Politeness a Winning Strategy on Idaho Primary Day
I remember hearing a story about a man who moved to Idaho and took a job in school administration. During his first weeks in town, he was stunned when he would walk down the streets and strangers would greet him. They made eye contact, said hello, and often asked how his day was going. It was a culture shock. He had arrived from an urban setting where people rarely made eye contact and as if only to remind you they were aware of your presence. Like a defense mechanism.

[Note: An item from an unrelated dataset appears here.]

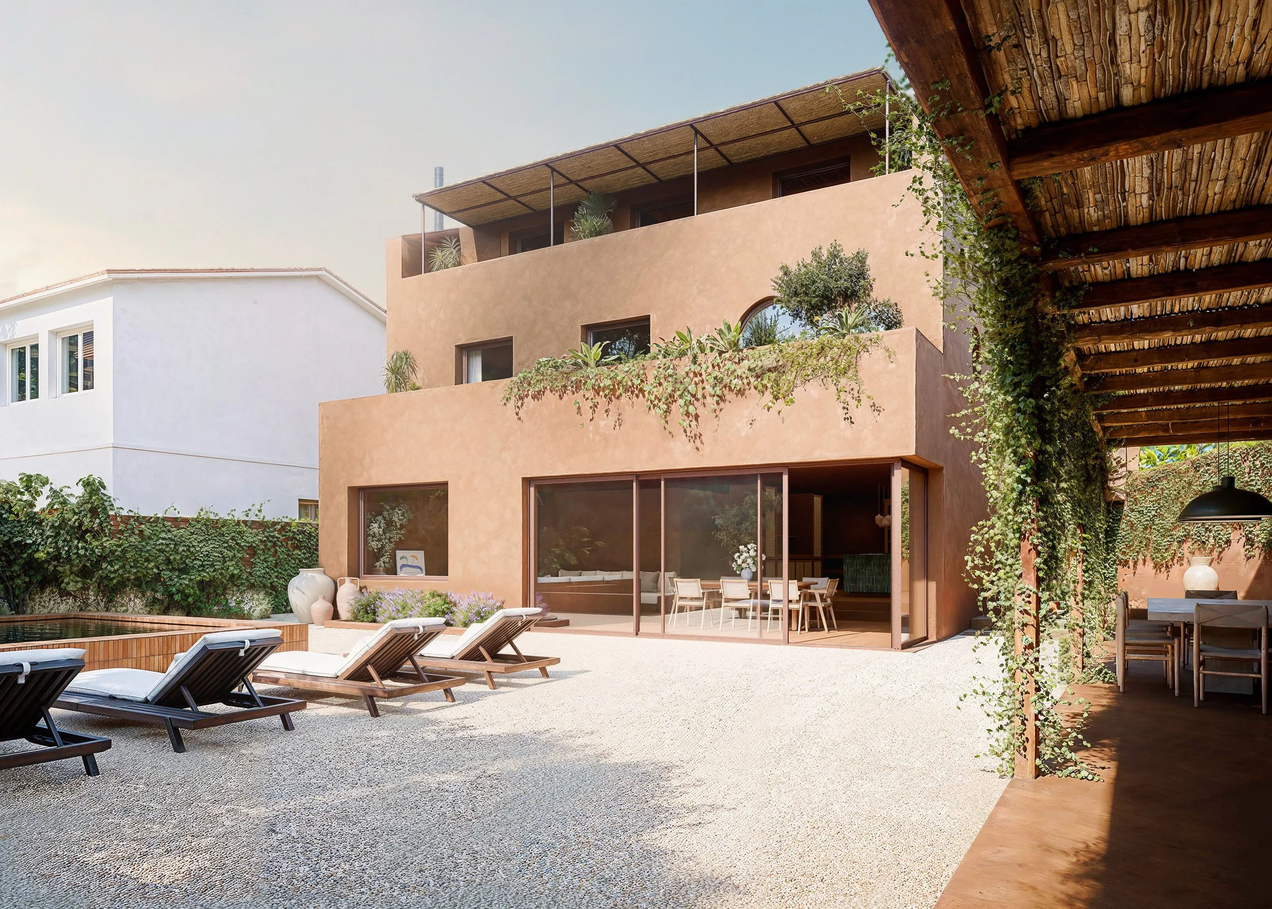 A sua materialidade cresce da própria terra. Tons de terracota, areia e argila atravessam exterior e interior numa continuidade silenciosa, inspirada em arribas fósseis, dunas antigas e no carácter telúrico do Alentejo. A paleta quente da paisagem cruza-se com uma frescura arquitectónica que equilibra o calor do verão, criando um refúgio que respira com o território e o enquadra.

Does Idaho nice also apply to politics? Maybe we’ve got some new evidence.
A Smile Opens Doors
Raul Labrador was right. He said Monday he had seen three polls and one had him winning a primary for state Attorney General by 14 points. It was spot on. He also refrained from calling his opponent names. He represents a wing of the party I wouldn’t describe as the establishment. Yet in other statewide races, his team failed across the board. Was it because they weren’t positive?

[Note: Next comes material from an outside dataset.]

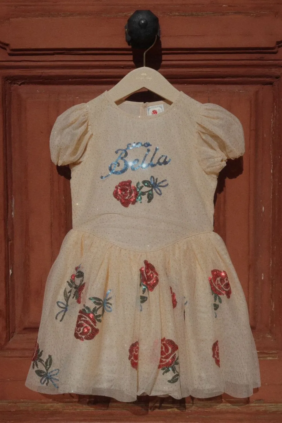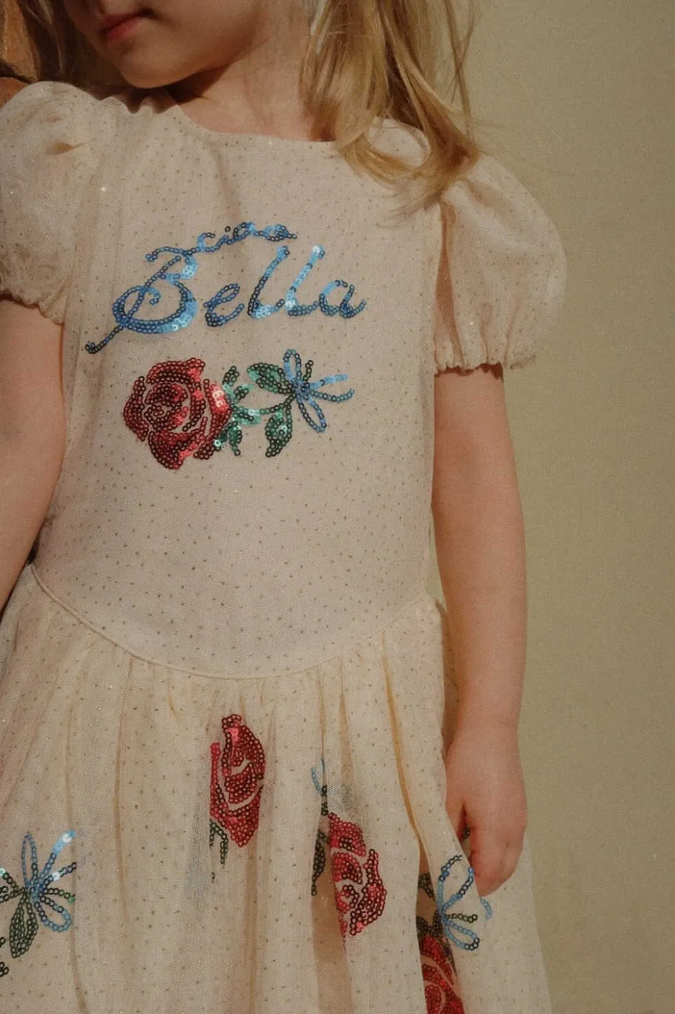 De påsyede pailletter danner navnet Bella på overdelen sammen med blomsterdekorationer, der skaber et detaljeret udtryk på den lyse baggrund.

Over the last two years, I’ve heard many of the non-establishment candidates call Governor Brad Little a tyrant or Chicken Little. First, it sounds childish coming from a candidate. Brad Little may be a lot of things his opponents don’t like, but his public persona is very jovial. His campaign commercials were all positive and he was generally smiling.
Positive Campaigns and Positive Thinking
I received about 14 tons of political mailings before Primary Day (a slight exaggeration) and whenever I saw a mailing from Labrador’s campaign, he was always beaming with a smile.
As of this writing, Glenneda Zuiderveld has a narrow lead over Jim Patrick for State Senate in District 24. She told me last week the two got along very well at candidate forums. The two are both people who smile easily. She had a TV commercial where she stood on the steps of the Capitol and calmly explained her faith and her conservative roots. She didn’t badmouth the incumbent. There may be lessons here for future candidates.
I jokingly told Labrador on Monday that name-calling should be left up to the talk show hosts. He laughed.